My dad, if you ask him, doesn’t struggle with hearing loss. It’s the people around him who are speaking too softly. How inconsiderate.

Funny thing is, those same people – me, my brothers, mum, his best friend Bruce, the newsreaders on telly have, until recently, spoken perfectly audibly.

These days, if I want him to hear me, I have to be in front of him (preferably slightly to his left). Go to his place and the TV volume is turned up so high the neighbours can hear it. When he’s talking on the phone, he shouts as though it’s not him who’s losing his hearing. He sounds rude and impatient and that’s awful, because he’s anything but.

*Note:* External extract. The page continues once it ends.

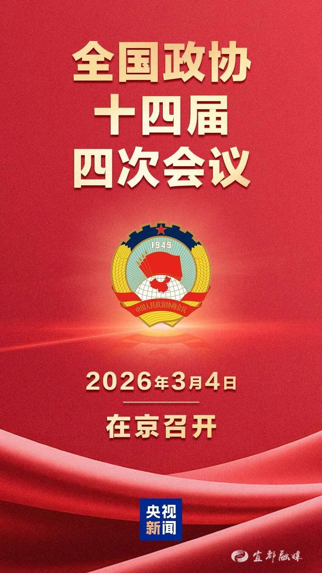 3月1日召开的中国人民政治协商会议第十四届全国委员会常务委员会第十五次会议决定:中国人民政治协商会议第十四届全国委员会第四次会议于2026年3月4日在北京召开。

Just as an FYI, you should know that this post is sponsored by Australian Hearing. But all opinions expressed by the author are 100 per cent authentic and written in their own words.

My dad is the nicest, gentlest man on the planet. People describe him as ‘a true gentleman’. Or they did – and that’s what worries us. Mum, especially, because she’s the one who has to live with it, who has to apologise to the neighbours about the TV volume and smooth things over when he misses chunks of conversation.

Just last week, she told me they’d been to lunch with ‘the crew’, as she calls their group of sixty-something pals, and it hadn’t gone well.

“Dad’s really upset,” she said. “Bruce was telling a story about their trip to Melbourne for the tennis and dad kept asking him to speak up and Bruce said, ‘Did you forget your hearing trumpet, mate.’ Everybody laughed but your father’s really hurt.”

My heart broke a little but mum and I both know Bruce had a point. Dad knows it too. He’s losing his hearing and it’s annoying not only for him but for the people around him and our worry is if he doesn’t address it, his quality of life will start to suffer. The invitations won’t completely dry up but they’ll get fewer and become less enjoyable.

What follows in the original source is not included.